Neutrality plot of 7 Rosales species. The blue solid line represents the regression line. P-value is the correlation coefficient. If P-value was less than 0.05, and it showed that GC3 and GC12 was significantly correlated

ENc plot analysis of 7 Rosales species

Codon bias in a single gene is usually decided by the effective number of codons (ENC). To reveal the relationship between nucleotide composition and codon bias in the genome of the Rosales species, the ENC-GC3s map was analyzed (Fig. 2).
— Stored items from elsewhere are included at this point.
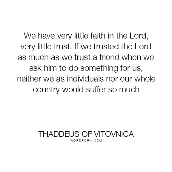 We have very little faith in the Lord, very little trust. If we trusted the Lord as much as we trust a friend when we ask him to do something for us, neither we as individuals nor our whole country would suffer so much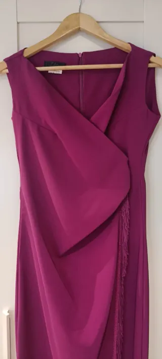Vestido juvenil de color fucsia oscuro, con un diseño drapeado y detalle de flecos en el lateral. - Diseño sin mangas. - Cierre de cremallera en la espalda. - Tejido con caída. - Largo midi Hago envíos por Correos Grado Asturias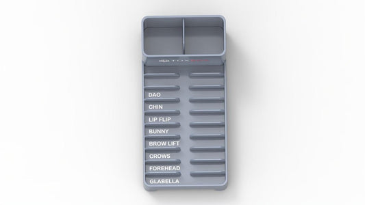 Organizes neurotoxin syringes methodically to increase injector efficiency, save valuable office time and reduce injection errors.
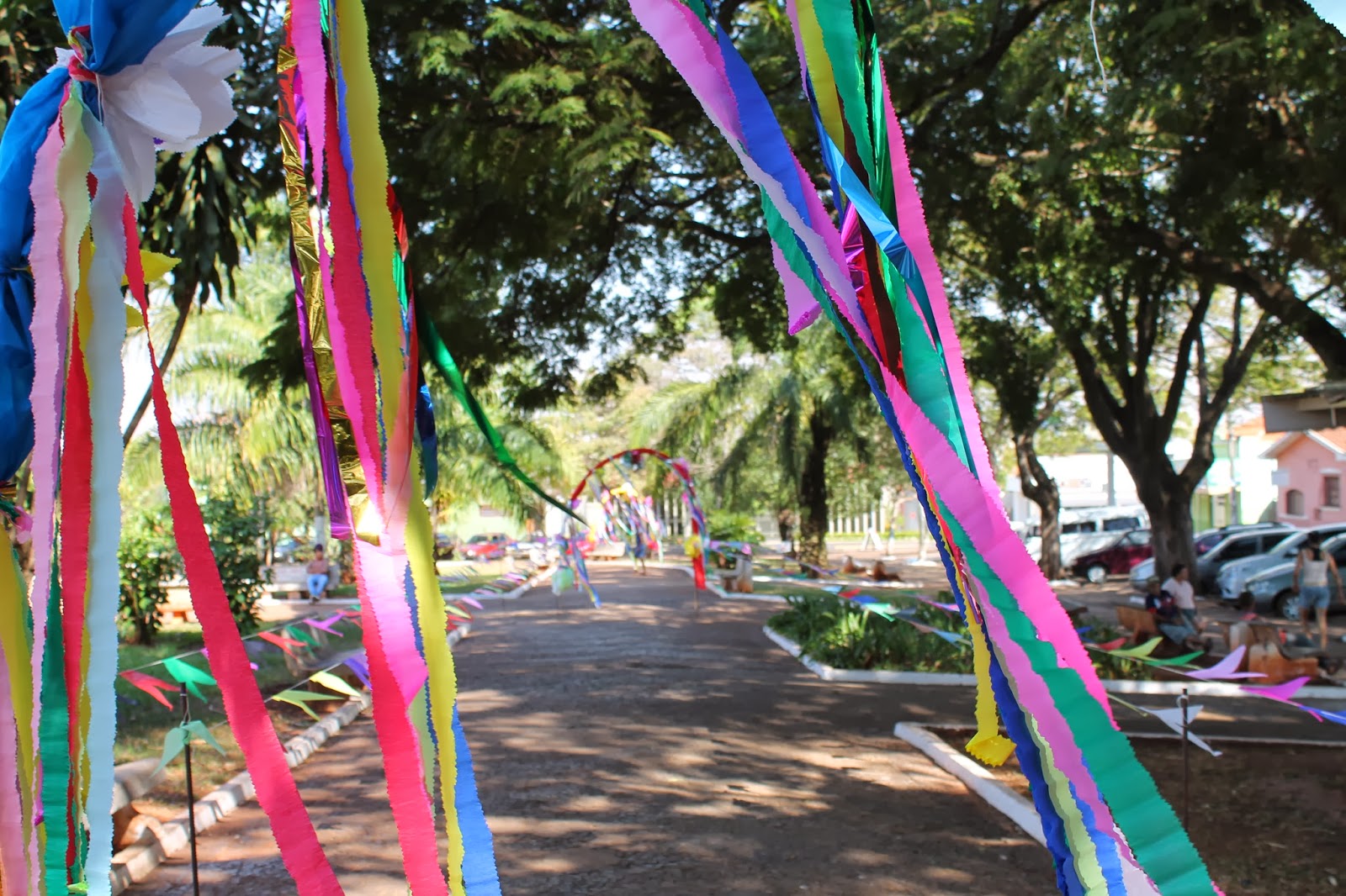 O cenário da praça da Matriz foi colorido e enfeitado para o evento, realizado pela Secretaria de Cultura da cidade.

The ENC values of the reconstructed genes ranged from 14 to 61, indicating that there were significant differences in codon bias among these genes [22]. Most genes are located below the expected ENc-plot curve, while only a small number of genes lay on or above the curve, indicating that mutation might be a weak factor shaping codon bias [23].

Fig. 2
figure 2

ENc plot of 7 Rosales species. The blue solid line represents the expected curve of positions of genes when the codon usage was only determined by the GC3s composition

To obtain a more accurate estimate of the differences between observed and expected ENC values and to further prove the conservative influence of GC3s in Rosales species, the (ENCexp-ENCobs)/ENCexp was calculated. As shown in Table 2, the (ENCexp-ENCobs)/ ENCexp values of most genes ranged from −0.1 ~ 0.3, and more than 55% of the genes were distributed in the range of 0 ~ 0.1. The ENCs of 45% of the genes were different from the expected ENC values, indicating that mutation might be a weak factor in the evolutionary history of Rosales and the natural selection pressure might play a significant role in influencing the pattern of codon usage [24].
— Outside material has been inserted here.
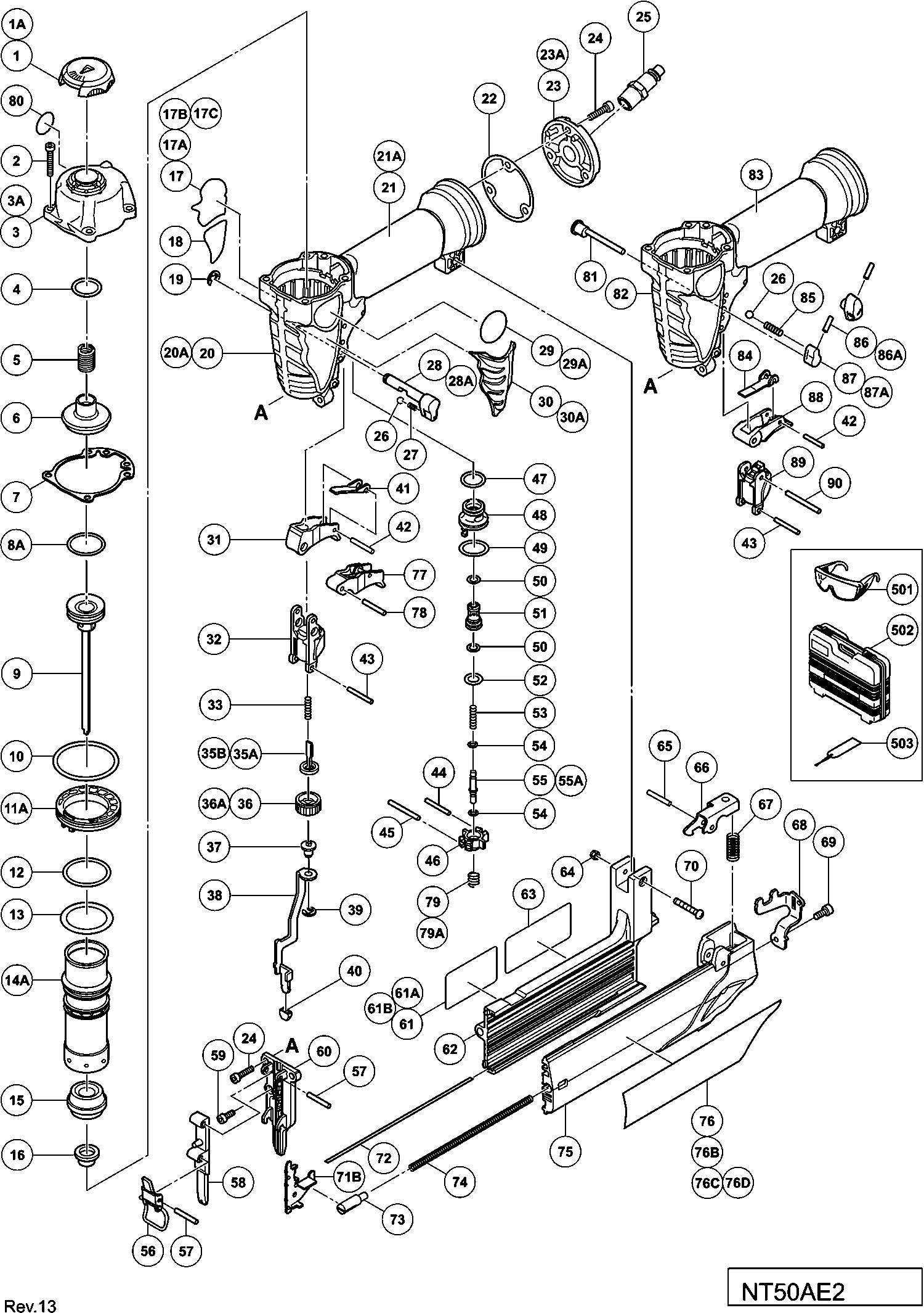 Here you will find all available parts and drawings of the 'Hikoki NT50AE2'. From here you can order all desired parts directly. Many parts must be ordered from the manufacturer, depending on the brand, this takes one to four weeks. All the information we have is on our website, we cannot advise you on what you need, for that you will need to return the machine for repair. Please note the following when ordering:

Table 2 Frequency distribution of (ENCexp-ENCobs)/ENCexp in 7 Rosales species (%)

High-frequency codons and codon pairs in 7 Rosales species

The RSCUs of 64 codons were calculated, and the results showed that the number and content of high-frequency codons among the 7 species were different (Table 3) and that the AGA content was the highest. Six high-frequency codons were identified in P. mume, followed by five high-frequency codons in Z. jujuba, F. vesca and P. persica. Four high-frequency codons were identified in M. domestica, P. bretschneideri and M. notabilis. All 7 Rosales species contained three high-frequency codons, AGA, GTT and TTG, encoding Arg, Val and Leu, respectively.
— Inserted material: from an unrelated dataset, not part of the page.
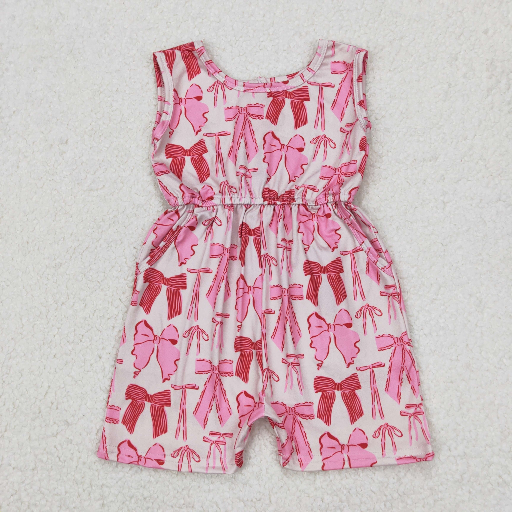 SR2670 baby girls sleeveless pink bow Jumpsuit

Table 3 The top five high-frequency codons of 7 Rosales species

It was observed that most of the identified high-frequency codons favoured codons ending in A/T. However, four NTA codons in 7 Rosales species had quite low RSCU values (Fig. 3), and the reduction in TA may increase protein production by inhibiting mRNA degradation [25, 26]. Four NCG codons also showed low RSCU values (Fig. 3), which may be conducive to avoiding possible mutations caused by DNA methylation [27, 28].

Fig. 3
figure 3

The RSCU value of NCG and NTA in 7 Rosales Species

For stop codons, the average RSCUs of TGA, TAA, and TAG were 1.32, 0.89 and 0.77, respectively, and the results show that the 7 Rosales species prefer TGA as the stop codon (Additional file 1). The XCG/XCC ratio (Additional file 1) based on RSCU values was 0.73 (M. notabilis), 0.56 (F. vesca), 0.63 (M. domestica), 0.63 (P. bretschneideri), 0.57 (Z. jujuba), 0.49 (P. mume) and 0.49 (P. persica), indicating moderate CG dinucleotide suppression in the 7 Rosales species [29].

Overall, nnAAnn were the high-frequency codons and nnCCnn were the low-frequency codons among the 7 Rosales species (Table 4). In F. vesca and M. domestica, nnGCnn, nnCCnn and nnCTnn were the low-frequency codons, while nnCCnn and nnCTnn were the low-frequency codons in P. mume and P. persica, meaning their low degree of methylation at the genome level.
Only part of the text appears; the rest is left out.